Akin to other bNAbs, the epitope of F6 also involves N-glycans. Specifically, the conserved N88 glycan packs against the heavy chain framework region 1 (HFR1) of F6 and contributes ~350 Ų buried epitope areas (Fig. 3b, close-up view 1). When N88 is mutated to Ala, the association rate between F6 and X18 UFO roughly doubles, while the disassociation rate also speeds up about twofold, leaving the K_D largely unchanged (Fig. 3d and Supplementary Fig. 5a). Such phenomenon is reminiscent of 3BC315, a gp41-binding bNAb isolated from clade B infected individuals, which also shows synchronously increased on- and off-rates in the absence of glycan⁴⁰. Hence, as previously proposed, although N88 glycan is not required for F6 and 3BC315 to bind and may even sterically restrict their access, it may work as a ‘clasp’ to help keep antibodies in place once they are bound⁴⁰.

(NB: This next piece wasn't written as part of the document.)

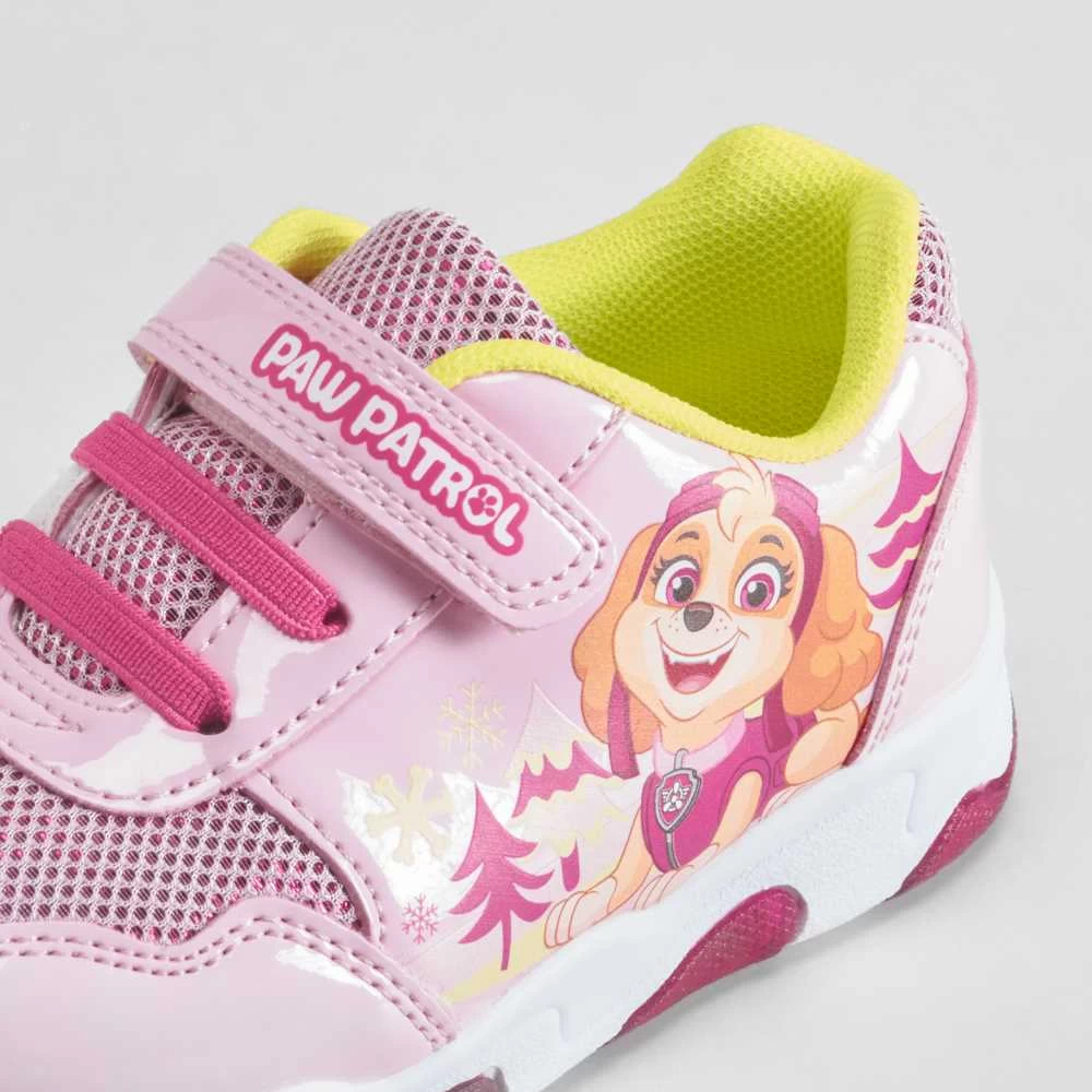 Zapatilla deportiva con luces de la PATRULLA. Cierre de velcro y cordones elásticos.

F6 also utilizes its complementarity-determining region (CDR) 1 and 2 in light chain (CDRL1 and CDRL2) to simultaneously engage the α8 helix of gp41 and the C-terminus of gp120 (Fig. 3b, close-up view 2). Of all the Env residues at this interface, R500 from gp120 plays a central role. The aliphatic part of R500 and the aromatic ring of Y619 from α8 helix form a hydrophobic cluster with the sidechains of Y49 and L50 from CDRL2, zipping α8 (gp41), the C-terminus of gp120 and CDRL2 together. Meanwhile, R500 also forms electrostatic interactions with E53 from CDRL2 and D30 from CDRL1, further strengthening the adhesion of F6. When R500 was mutated into Ala, a 90% affinity decrease was observed, corroborating its importance (Fig. 3d and Supplementary Fig. 5a). Compared to the interface between the Env and the light chain CDRs, the interface between the Env and the heavy chain CDRs (CDRHs) is even larger, and the interaction is mainly driven by hydrophobic packings (Fig. 3b, close-up view 3). The CDRH3 adopts an anti-parallel β-sheet conformation and side-wedges into a hydrophobic cleft formed by residues I535, I603, Y619 and W623 from α6-α8 helices of gp41 and residues Y39 and T499 from \({{{{{\rm{\beta }}}}}}\bar{4}/{{{{{\rm{\beta }}}}}}26\) sheets of gp120 (Fig. 3b, close-up view 3). Besides CDRH3, Y32 from CDRH1 also forms hydrophobic interactions with the side chain of A532 in the α6 helix (gp41) (Fig. 3b, close-up view 3). These structural analyses clearly show that F6 simultaneously engage residues and glycans from both gp120 and gp41, thereby categorizing it into the gp120-gp41 interface bNAbs (Fig. 3c). Indeed, Ala mutations on gp120 residues like Y39, T499 and R500 generally lead to 90% to 97% affinity decrease, and Ala mutations on gp41 residues like Y619, W623 and N624 also result in 82% to 99% affinity decrease, further validating the gp120-gp41 spanning epitope of F6 (Fig. 3d and Supplementary Fig. 5a).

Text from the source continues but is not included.